TASK BRIEF:
Exactly the lines from the beginning of the listing below through the line that contains "Craftsman Classic on" should be transcribed, and pictures must stay out.
──────── DATASET CONTENT
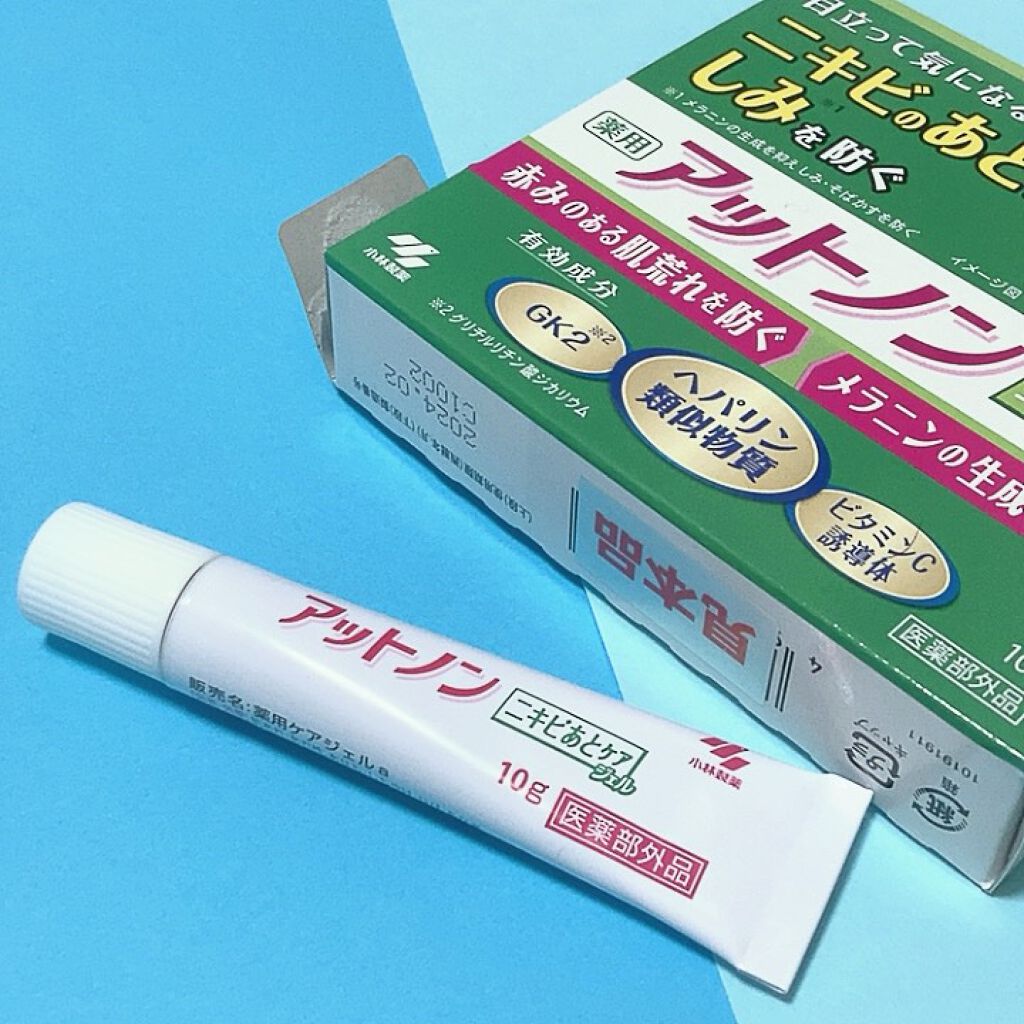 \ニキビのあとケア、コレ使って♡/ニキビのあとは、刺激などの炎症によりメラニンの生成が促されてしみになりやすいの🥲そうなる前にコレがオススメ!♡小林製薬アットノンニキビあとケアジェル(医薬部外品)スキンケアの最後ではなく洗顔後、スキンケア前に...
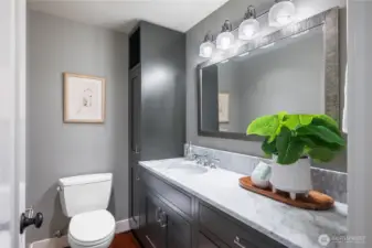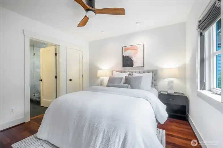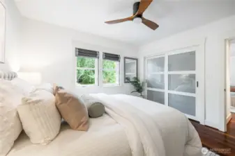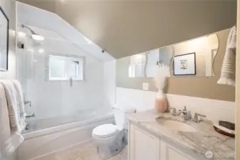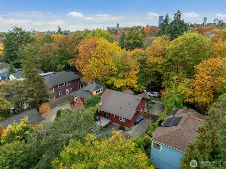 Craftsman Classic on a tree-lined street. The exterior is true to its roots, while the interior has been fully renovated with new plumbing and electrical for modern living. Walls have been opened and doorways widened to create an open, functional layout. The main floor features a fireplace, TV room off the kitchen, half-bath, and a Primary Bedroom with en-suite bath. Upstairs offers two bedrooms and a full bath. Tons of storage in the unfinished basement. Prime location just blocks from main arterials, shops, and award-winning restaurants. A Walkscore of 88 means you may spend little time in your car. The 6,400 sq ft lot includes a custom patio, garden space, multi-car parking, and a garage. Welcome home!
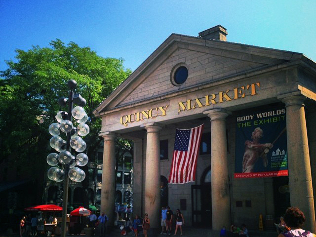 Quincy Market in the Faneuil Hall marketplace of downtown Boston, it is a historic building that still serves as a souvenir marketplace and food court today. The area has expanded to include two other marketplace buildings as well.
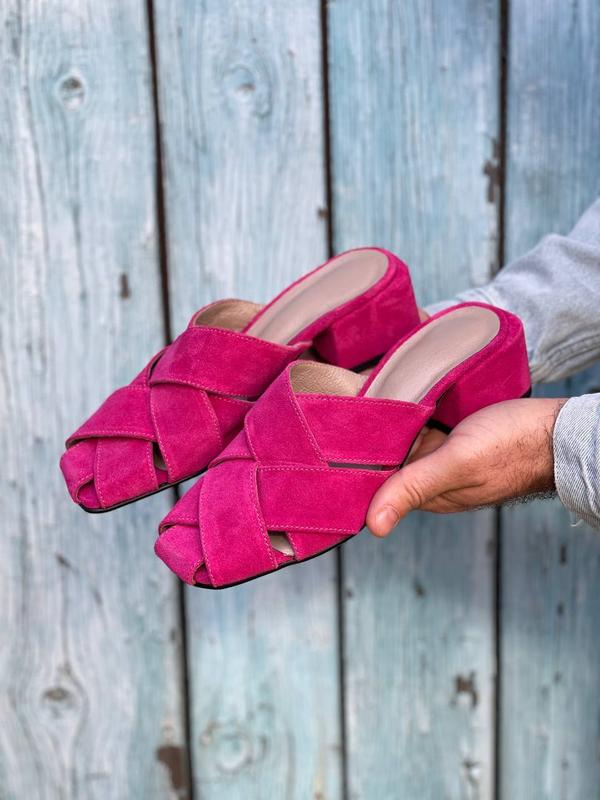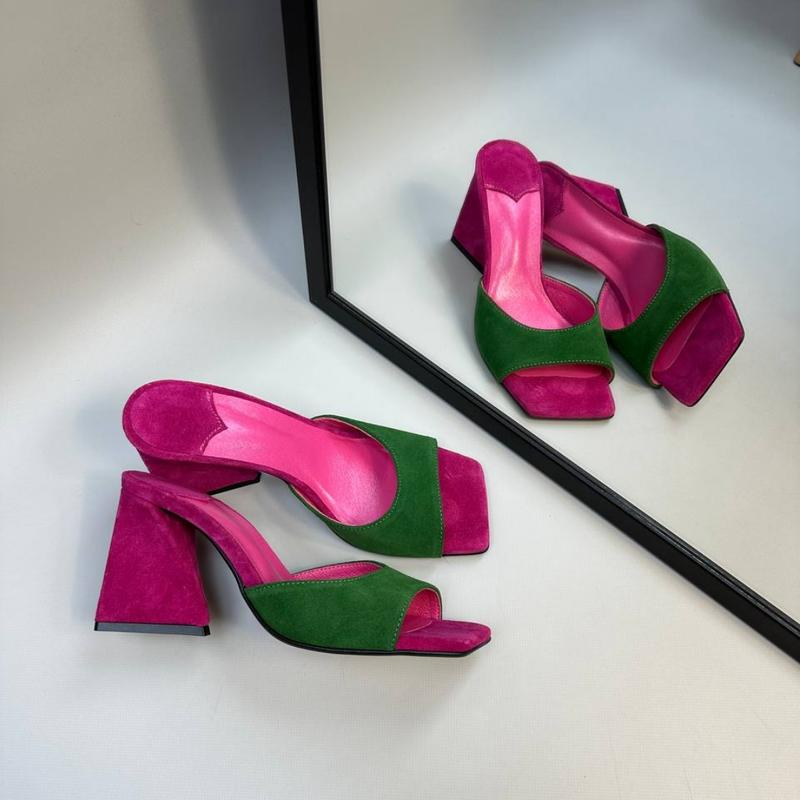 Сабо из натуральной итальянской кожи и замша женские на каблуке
────────────────
ANSWER TO THE EXERCISE:
 \ニキビのあとケア、コレ使って♡/ニキビのあとは、刺激などの炎症によりメラニンの生成が促されてしみになりやすいの🥲そうなる前にコレがオススメ!♡小林製薬アットノンニキビあとケアジェル(医薬部外品)スキンケアの最後ではなく洗顔後、スキンケア前に...
 Craftsman Classic on a tree-lined street. The exterior is true to its roots, while the interior has been fully renovated with new plumbing and electrical for modern living. Walls have been opened and doorways widened to create an open, functional layout. The main floor features a fireplace, TV room off the kitchen, half-bath, and a Primary Bedroom with en-suite bath. Upstairs offers two bedrooms and a full bath. Tons of storage in the unfinished basement. Prime location just blocks from main arterials, shops, and award-winning restaurants. A Walkscore of 88 means you may spend little time in your car. The 6,400 sq ft lot includes a custom patio, garden space, multi-car parking, and a garage. Welcome home!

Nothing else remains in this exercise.